Strictly speaking, it’s not a kind of optimization, but I want to spend some time explaining the trick. It’s used here to distinguish different types. Here is the definition of SupportedTypes

typedef std::tuple < char, uint32_t, uint64_t, int32_t, int64_t, double, NanoLogLine::string_literal_t, char * > SupportedTypes;

SupportedTypes is a type alias to std::tuple including all supported types.

To find the location of a specific type T in SupportedTypes, metafunction TupleIndex is introduced, which uses a recursive formulation. The recursion stops Only when type T is the same as the first type of std::tuple<U, Types...>, otherwise, it’ll continue comparing with the sub tuple std::tuple<Types...>. This technique is common in template programming.

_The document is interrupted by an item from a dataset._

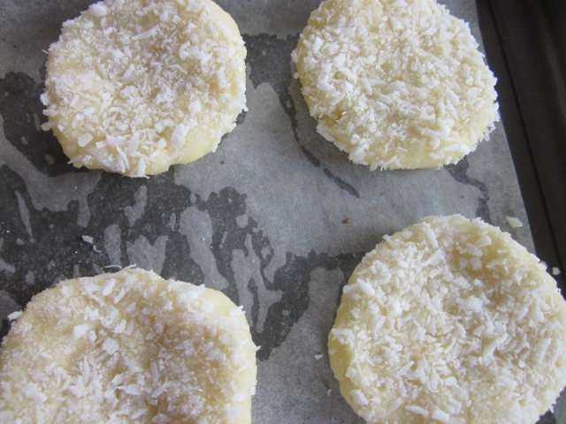 4. Roll level tablespoons of mixture into balls, press one side of balls firmly into extra sugar and coconut to flatten, place them about 4cm apart on the prepared baking sheet.
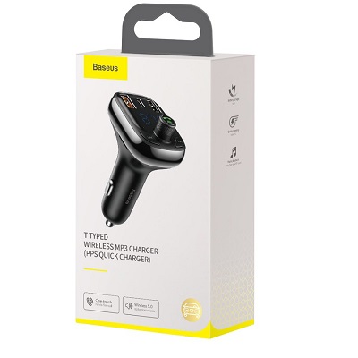 - Baseus Bluetooth T-typed MP3 Car Charger S-13 имеет 2 USB-порта, один из которых обеспечивает быструю зарядку ваших гаджетов током до 2.4А, второй заряжает током до 1А, также поддерживает быструю зарядку Qualcomm Quick Charge 3.0 (через порты USB) и Qualcomm Quick Charge 4.0 (через порт Type-C) и считывает музыкальные файлы с USB-накопителя. Поэтому, вы можете воспроизводить музыку с мобильного и одновременно заряжать его.

template < typename T, typename Tuple >
struct TupleIndex;

template < typename T, typename ... Types >
struct TupleIndex < T, std::tuple < T, Types... > > 
{
	static constexpr const std::size_t value = 0;
};

template < typename T, typename U, typename ... Types >
struct TupleIndex < T, std::tuple < U, Types... > > 
{
	static constexpr const std::size_t value = 1 + TupleIndex < T, std::tuple < Types... > >::value;
};

// find index in compile-time
TupleIndex<uint32_t, SupportedTypes>::value;

Drawbacks

There are also some shortcomings of this design. Functionally, It doesn’t support logging self-defined classes because no viable operator<<(NanoLogLine&, Foo) is found. The only way to support it is to define implicit conversion operators to the supported types. Also, it doesn’t support writing to multiple files and controlling file size some essential functions. Performantly, I have pointed out some edge cases where the whole program gets slowed down or totally blocked.